Viererfeld-Gegner beklagen, dass ihre Informationstafeln ausgerissen worden seien. Nun zeigt sich: Ein Teil der Tafeln war nicht bewilligt.

Die Argumente der Viererfeld-Gegner scheinen gewissen Leuten nicht zu gefallen.
Die Argumente der Viererfeld-Gegner scheinen gewissen Leuten nicht zu gefallen.
ZVG/Facebook

In rund zwei Wochen findet die Viererfeld-Abstimmung statt. Dementsprechend geben Gegner und Befürworter nochmal alles, um mit ihren Argumenten zu überzeugen. So auch der Verein Viererfeld Nature 2.0, der gegen die geplante Überbauung einsteht.
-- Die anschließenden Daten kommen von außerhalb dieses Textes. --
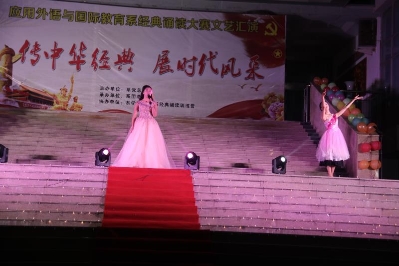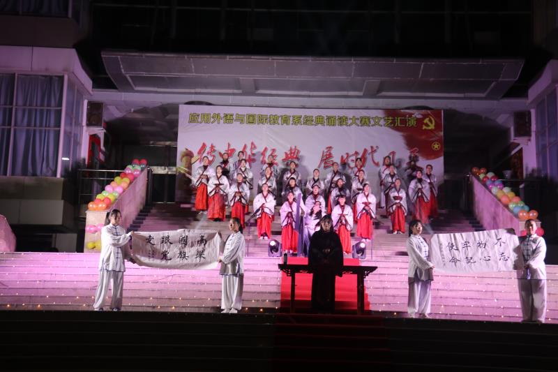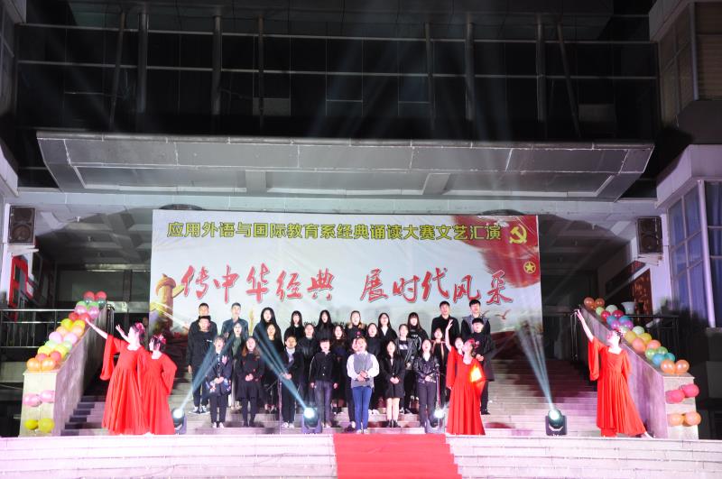 11月23日晚应用外语与国际教育系团总支在实训广场举行“经典诵读大赛”文艺汇演。院团委书记周茜应邀莅临现场,应用外语与国际教育系党总支书记寇槐花、系团总支书记袁海伟、各教研室主任、系全体教职工,2018级和2017级全体学生以及各兄弟系部代表观看了演出。

Dieser stellte am vergangenen Donnerstag fünfzehn Informationstafeln im Berner Stadtgebiet auf. Dabei handelt es sich um 40 mal 70 Zentimeter grosse Schilder, die in den Boden gesteckt werden und auf denen je eines der fünf Hauptargumente, die der Verein gegen das Wohnbauprojekt hat, aufgedruckt ist. Die Aktion verlief nicht wie gewünscht: «Innerhalb von 48 Stunden waren mindestens fünf Tafeln verschwunden», bestätigt Peter Camenzind auf Anfrage. Er vermutet, dass Befürworter der Überbauung die Tafeln in die Aare geworfen haben. Ein solches Verhalten mitten in einem Abstimmungskampf hält er für «unsportlich». Auf eine Strafanzeige werde der Verein aber verzichten. «Mit Verlusten muss man rechnen», sagt Camenzind.